> Directions:
Every line from the start of the entries up to and including the one bearing "Le dévidoir pivotant LPO avec 20-40m de tuyau" must be printed verbatim, without the pictures.

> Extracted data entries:
*****

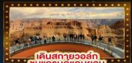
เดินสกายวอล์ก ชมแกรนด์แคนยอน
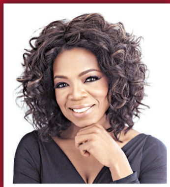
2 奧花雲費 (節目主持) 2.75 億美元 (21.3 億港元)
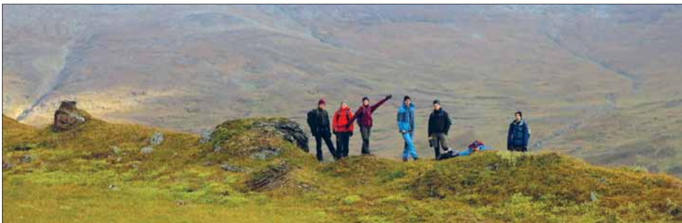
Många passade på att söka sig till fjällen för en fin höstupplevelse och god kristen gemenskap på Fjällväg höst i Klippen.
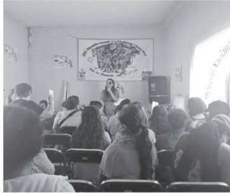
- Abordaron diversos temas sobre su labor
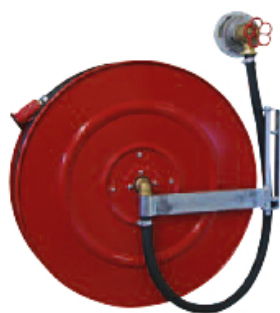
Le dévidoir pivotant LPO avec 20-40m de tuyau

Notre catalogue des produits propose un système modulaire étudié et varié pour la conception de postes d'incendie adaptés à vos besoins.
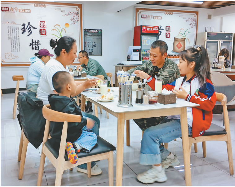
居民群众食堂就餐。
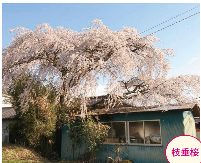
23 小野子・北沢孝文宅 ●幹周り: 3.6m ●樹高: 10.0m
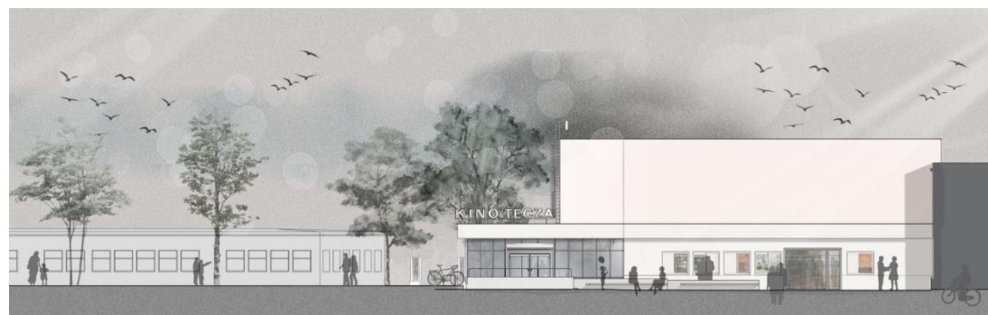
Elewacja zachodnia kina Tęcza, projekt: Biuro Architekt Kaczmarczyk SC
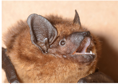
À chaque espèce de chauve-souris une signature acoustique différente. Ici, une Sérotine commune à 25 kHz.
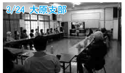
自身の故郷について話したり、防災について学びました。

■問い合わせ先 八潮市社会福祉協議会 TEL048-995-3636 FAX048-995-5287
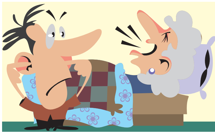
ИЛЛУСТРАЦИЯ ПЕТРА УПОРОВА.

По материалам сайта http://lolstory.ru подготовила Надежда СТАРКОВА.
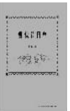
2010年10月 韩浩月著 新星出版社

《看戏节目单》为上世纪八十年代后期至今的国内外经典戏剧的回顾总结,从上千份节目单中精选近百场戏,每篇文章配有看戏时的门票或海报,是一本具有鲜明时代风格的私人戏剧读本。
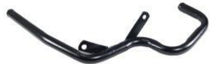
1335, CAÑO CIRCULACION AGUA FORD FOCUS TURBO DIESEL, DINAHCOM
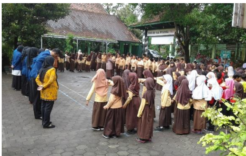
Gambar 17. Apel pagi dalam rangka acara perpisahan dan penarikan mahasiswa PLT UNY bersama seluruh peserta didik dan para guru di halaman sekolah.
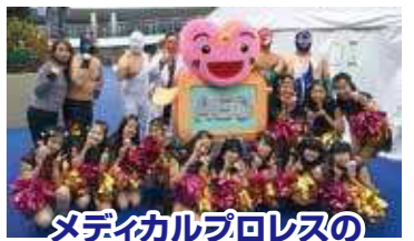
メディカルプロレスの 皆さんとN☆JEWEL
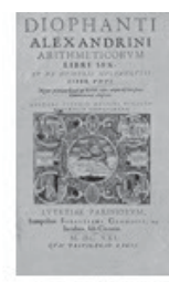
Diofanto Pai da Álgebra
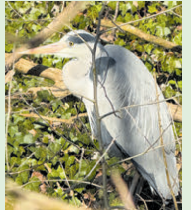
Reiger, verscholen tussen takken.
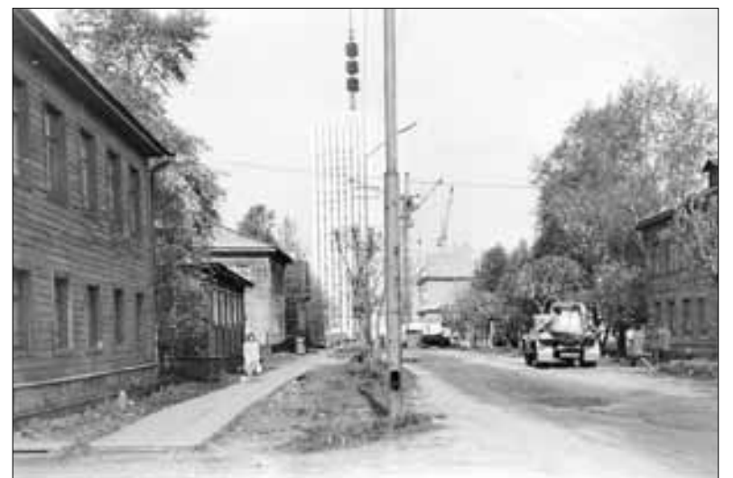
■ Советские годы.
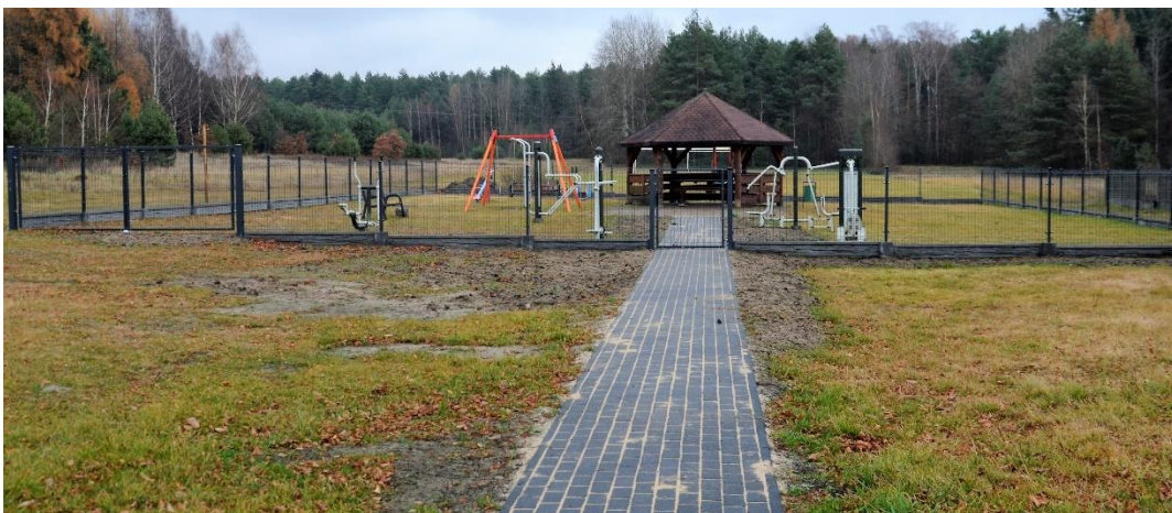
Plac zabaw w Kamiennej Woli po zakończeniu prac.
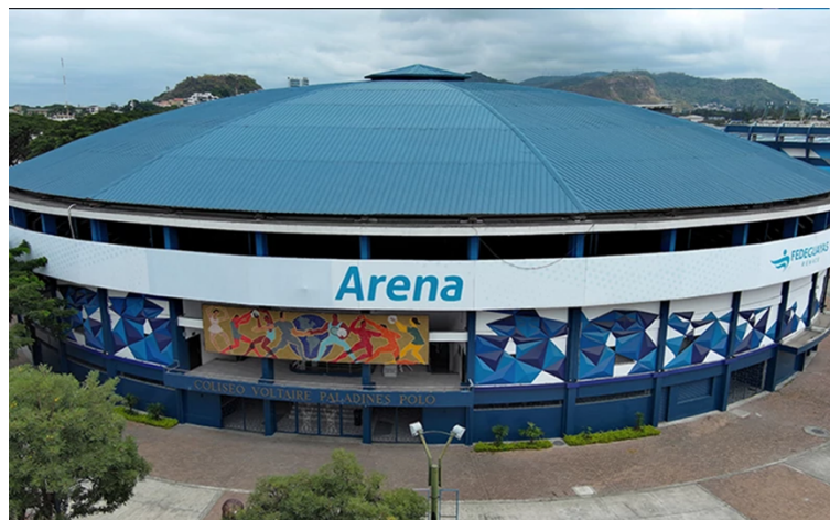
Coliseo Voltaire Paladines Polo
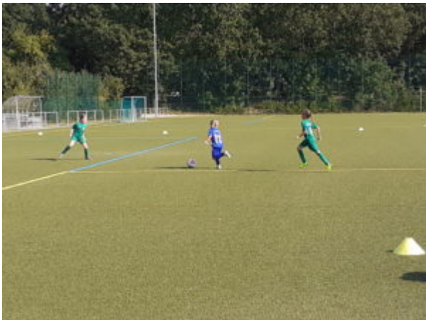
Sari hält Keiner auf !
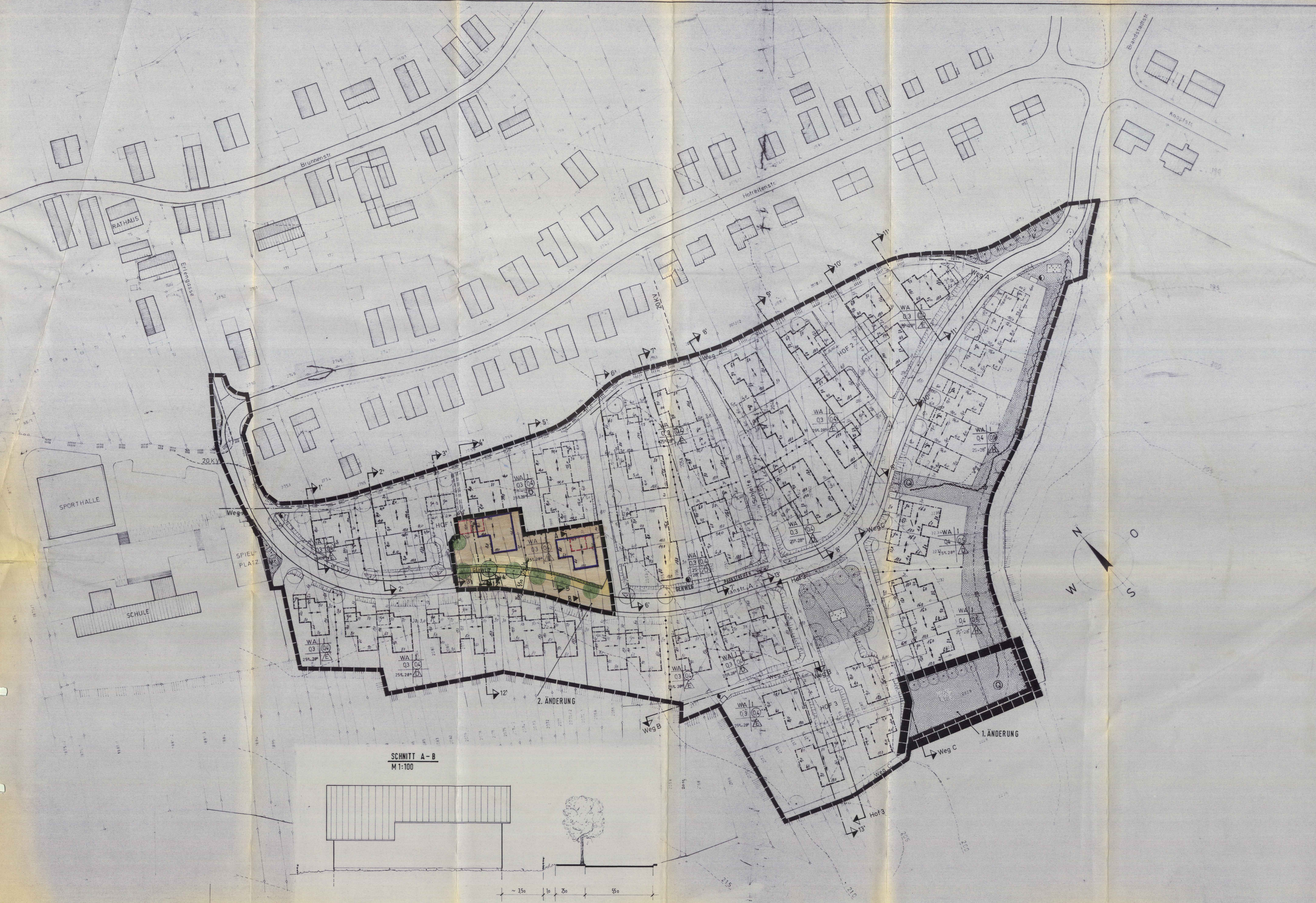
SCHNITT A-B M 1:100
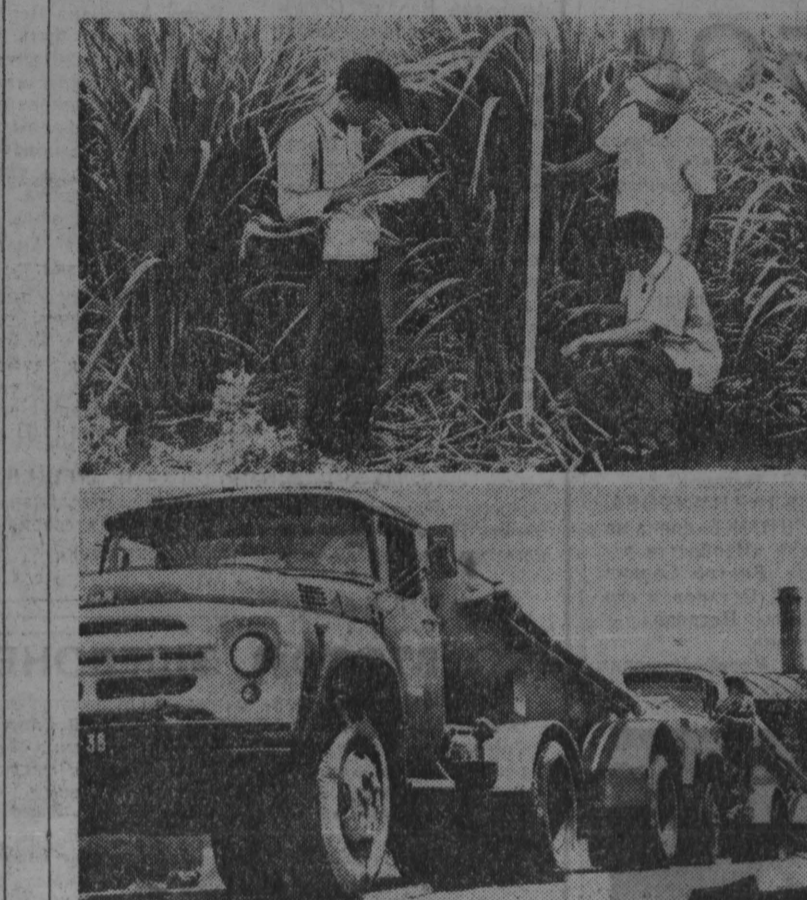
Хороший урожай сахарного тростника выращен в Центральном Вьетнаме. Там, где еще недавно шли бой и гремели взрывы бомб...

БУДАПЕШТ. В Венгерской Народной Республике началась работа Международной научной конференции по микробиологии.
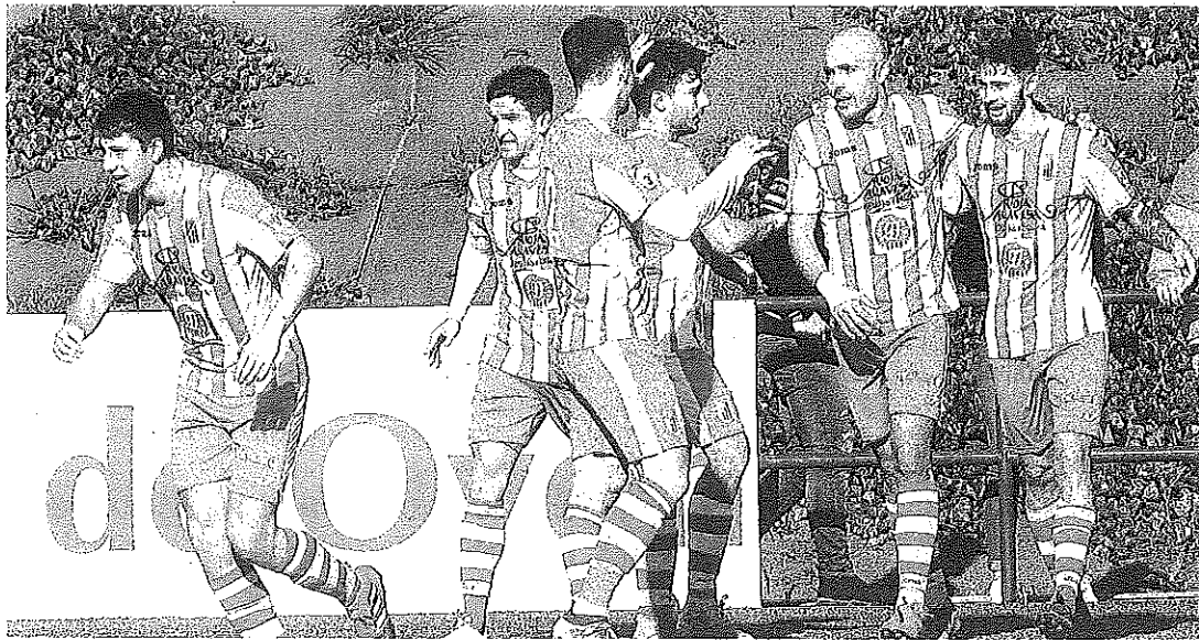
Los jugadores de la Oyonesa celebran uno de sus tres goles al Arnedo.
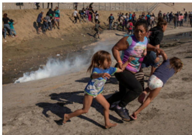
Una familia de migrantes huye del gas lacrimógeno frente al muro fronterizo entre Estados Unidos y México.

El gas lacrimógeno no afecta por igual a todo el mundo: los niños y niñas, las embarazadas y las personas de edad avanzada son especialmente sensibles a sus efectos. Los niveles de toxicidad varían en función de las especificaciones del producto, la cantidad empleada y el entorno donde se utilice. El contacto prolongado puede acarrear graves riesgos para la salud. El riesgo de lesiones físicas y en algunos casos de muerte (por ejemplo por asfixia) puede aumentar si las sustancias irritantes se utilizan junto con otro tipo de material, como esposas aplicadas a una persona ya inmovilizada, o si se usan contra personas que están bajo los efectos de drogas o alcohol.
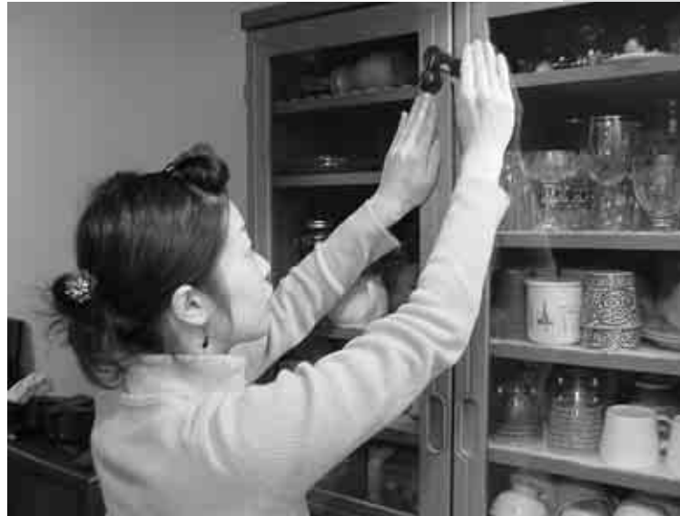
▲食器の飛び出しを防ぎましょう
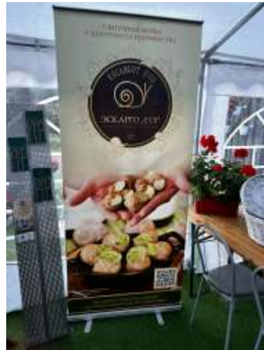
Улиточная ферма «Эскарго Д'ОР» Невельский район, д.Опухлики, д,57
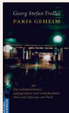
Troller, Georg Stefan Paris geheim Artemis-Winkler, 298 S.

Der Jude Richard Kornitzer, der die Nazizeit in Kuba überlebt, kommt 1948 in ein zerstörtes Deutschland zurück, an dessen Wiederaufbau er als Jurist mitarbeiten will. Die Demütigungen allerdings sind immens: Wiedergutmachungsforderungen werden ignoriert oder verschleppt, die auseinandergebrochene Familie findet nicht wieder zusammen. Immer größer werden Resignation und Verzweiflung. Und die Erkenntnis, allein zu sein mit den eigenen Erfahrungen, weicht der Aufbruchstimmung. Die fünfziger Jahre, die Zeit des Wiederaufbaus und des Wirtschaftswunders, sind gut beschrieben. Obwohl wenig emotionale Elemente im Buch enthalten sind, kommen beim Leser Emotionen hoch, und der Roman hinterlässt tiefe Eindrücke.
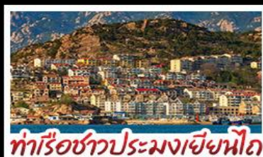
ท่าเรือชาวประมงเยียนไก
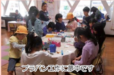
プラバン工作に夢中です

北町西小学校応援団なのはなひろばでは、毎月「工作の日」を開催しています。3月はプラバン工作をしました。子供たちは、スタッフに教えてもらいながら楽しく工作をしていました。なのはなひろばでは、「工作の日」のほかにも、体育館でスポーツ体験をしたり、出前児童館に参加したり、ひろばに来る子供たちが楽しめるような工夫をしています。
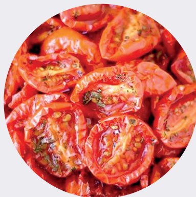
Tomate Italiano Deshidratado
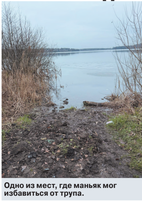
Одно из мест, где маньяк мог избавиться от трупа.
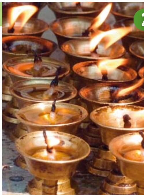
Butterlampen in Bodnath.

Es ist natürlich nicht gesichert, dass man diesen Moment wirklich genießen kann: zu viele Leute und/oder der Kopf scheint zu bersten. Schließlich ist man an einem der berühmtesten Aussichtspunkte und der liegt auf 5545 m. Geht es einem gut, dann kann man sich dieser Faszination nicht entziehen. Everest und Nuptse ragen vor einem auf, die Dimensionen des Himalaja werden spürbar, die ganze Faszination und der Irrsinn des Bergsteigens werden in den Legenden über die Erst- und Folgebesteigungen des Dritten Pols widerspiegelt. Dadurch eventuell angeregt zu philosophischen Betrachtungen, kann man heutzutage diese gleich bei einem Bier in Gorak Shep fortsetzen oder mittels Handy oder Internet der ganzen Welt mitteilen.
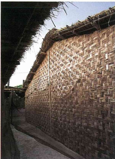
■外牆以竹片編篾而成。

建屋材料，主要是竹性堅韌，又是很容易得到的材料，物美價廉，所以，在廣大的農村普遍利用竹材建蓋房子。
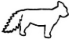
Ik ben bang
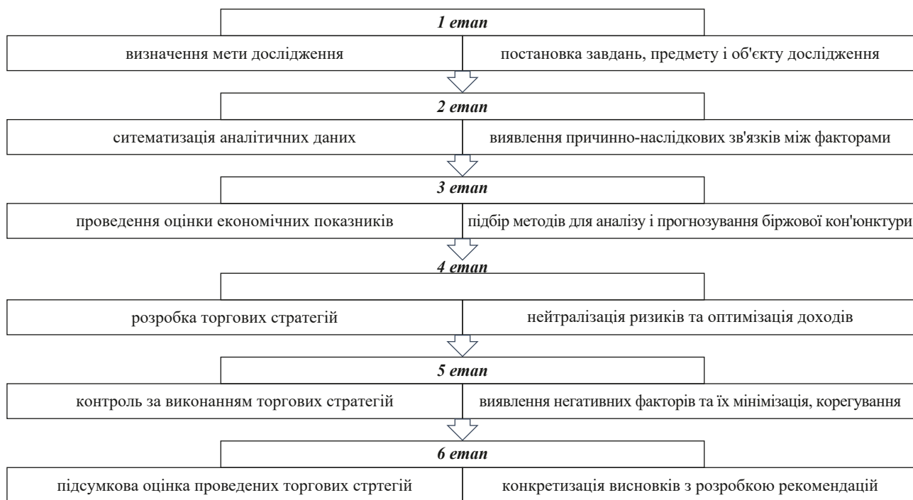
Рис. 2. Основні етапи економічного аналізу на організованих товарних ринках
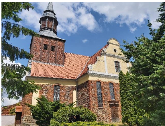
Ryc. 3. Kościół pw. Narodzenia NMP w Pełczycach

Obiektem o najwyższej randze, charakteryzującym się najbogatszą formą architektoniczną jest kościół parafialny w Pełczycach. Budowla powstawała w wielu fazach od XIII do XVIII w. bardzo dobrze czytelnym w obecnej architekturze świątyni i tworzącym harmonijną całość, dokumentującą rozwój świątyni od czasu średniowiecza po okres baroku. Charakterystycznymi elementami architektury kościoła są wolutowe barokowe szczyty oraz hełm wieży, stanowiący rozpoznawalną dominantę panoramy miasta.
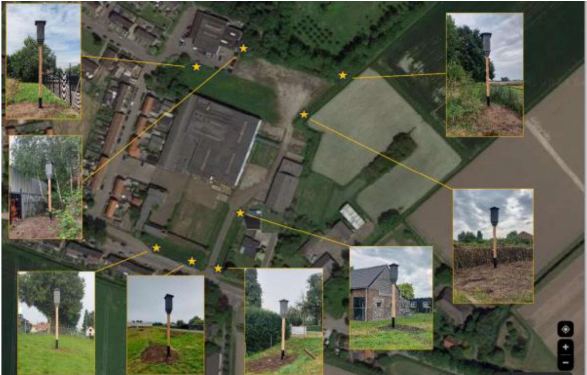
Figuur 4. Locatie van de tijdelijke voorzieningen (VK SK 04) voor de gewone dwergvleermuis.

*****

> Written solution:
เดินสกายวอล์ก ชมแกรนด์แคนยอน
2 奧花雲費 (節目主持) 2.75 億美元 (21.3 億港元)
Många passade på att söka sig till fjällen för en fin höstupplevelse och god kristen gemenskap på Fjällväg höst i Klippen.
- Abordaron diversos temas sobre su labor
Le dévidoir pivotant LPO avec 20-40m de tuyau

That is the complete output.